SciPy 2015 talks posted

The talks and posters for SciPy 2015 have been posted, and I’m happy to report that two of them are mine.  I’ll be presenting

Will Millennials Ever Get Married? Survival Analysis and Marriage Data

Recent studies report that an increasing share of Americans have never married, which suggests that current young adults might marry at lower rates than previous generations. Using data from a national survey, we find that successive generations are getting married later, but our predictions suggest that the fraction of people who eventually marry will not change substantially. Our analysis uses Pandas for data extraction and cleaning, bootstrap methods for working with stratified surveys, lifelines for survival analysis, and time series analysis with statsmodels. All code and data for this study is in a public repository.

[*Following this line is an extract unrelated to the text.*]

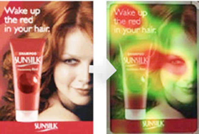 眼動儀可以將顧客注視廣告時的眼動軌跡記錄下來,通過分析記錄的數據,可以清楚地了解顧客注視廣告時的先后順序,對畫面的某一部分(分析結果時可以劃分興趣區間)的注視時間、注視次數、眼跳距離、瞳孔直徑(面積)變化等。并以此來分析廣告觀看者的心理活動,這有助于廣告商了解到廣告受眾是否按廣告制作人的意圖去注視廣告,是否漏看了廣告主(出資人)最為關注的諸如公司名稱、商品名稱及與眾不同的特點、品牌標記等重要信息。通過眼動分析可以為廣告設計者對廣告布局(重要信息的位置)、插圖和文案進行合理的安排提供有用的依據,也為評價廣告設計效果提供了客觀指標。

Basic Sound Processing in Python

Digital signal processing (DSP) has applications in all areas of engineering and science, but DSP methods are not widely known. Python provides an opportunity to make DSP more accessible. In this talk, I present an introduction to DSP focused on sound-processing applications. I present tool for working with digital signals using NumPy, SciPy and IPython. Examples include spectral analysis of music, spectrograms, noise, filtering, and system characterization. This material is based on Think DSP, a work-in-progress book available at

It looks like there will be a lot of other great talks.  I am looking forward to the conference in July!